A calm settled upon him as the air thinned and the vegetation grew scarcer. The Legions marched high into the heart of the mountains Darien remembered so well; it was as though they had been mapped in his mind during his Klavash boyhood. He embraced the feeling, he did not deny it, and he found that once he owned it, the power of his past lost its grasp on him.
The higher they climbed, the freer he felt.
Thrain’s regiment trekked through the mountains for three days. Jujen and Valeria joined Darien at the front of the line, while the general brought up the rear. The three were talking of the glorious battle soon to come, when the child appeared.
A tiny, spindly thing, as most Klavash girls were, she couldn’t have been more than five or six years old. Brown doe eyes shone from behind her fur hood. Bits of long black hair poked out in messy strands like a frayed rope. Snow coated her parka, as though she’d been rolling in it. When she stumbled into the clearing—giggling and then, at the sight of the soldiers, hushing to a whimper—the whole regiment froze.

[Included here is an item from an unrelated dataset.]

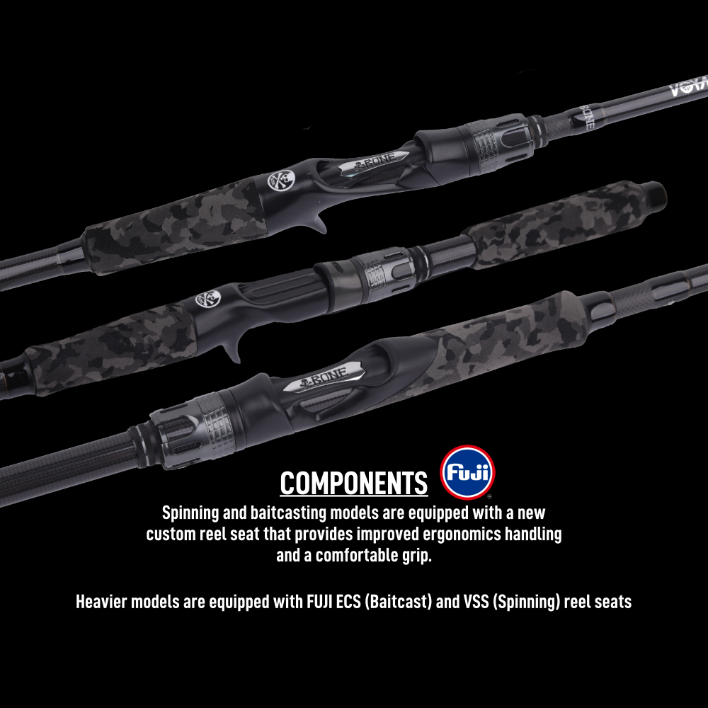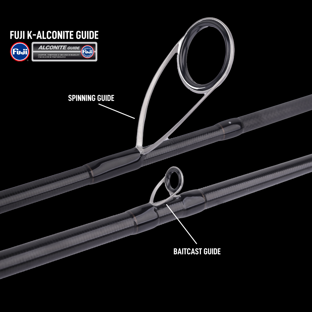 Equipped with FUJI K-Alconite guides for both spinning and baitcasting models.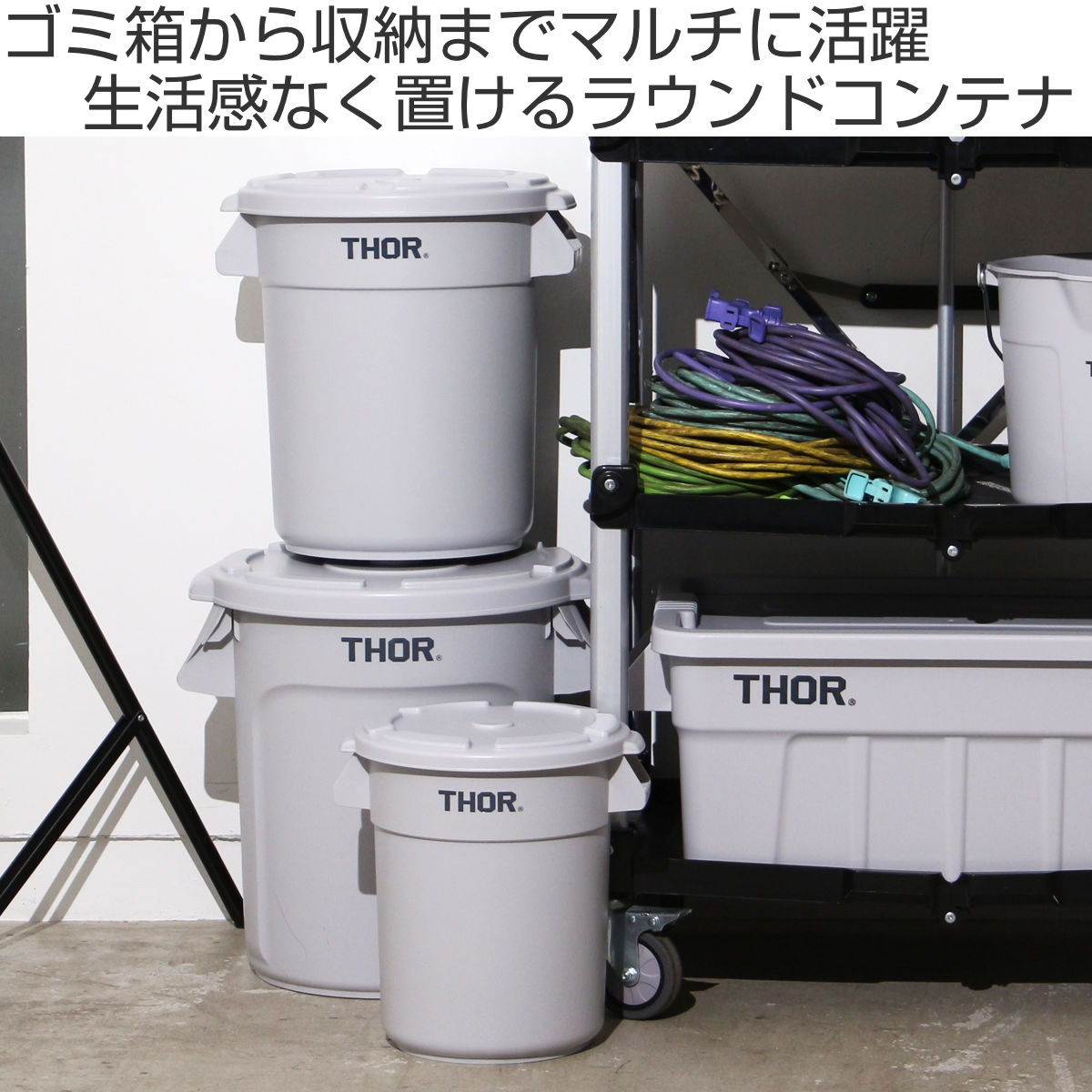 ゴミ箱 THOR ROUND CONTAINER DC 23L ( ごみ箱 23リットル 本体のみ 収納 ツールボックス シンプル ランドリーボックス プラスチック 洗える ラウンドコンテナ ) 【ライトグレー】

They had not seen a single soul in these mountains, but they knew what was expected if they did. A single cry could alert a Morgathian ranger. Darien had been all eyes for men at the edge of their path.
But a little girl?
She could have been no older than Darien’s own sister had been the day the Legions came.
“What do we do?” Valeria whispered to Darien.
What does she mean, what do we do? Is she testing me? There’s only one thing we can do! Darien glanced around, but the general remained at the back of the line, nowhere in sight. By the time Thrain reached the scene, the girl would have shrieked or run for help. The call was on Darien, and he had but fractions of a moment. All were looking to him. He had been the one chosen to lead them through the mountains. He was the one Thrain spoke to, as to a son.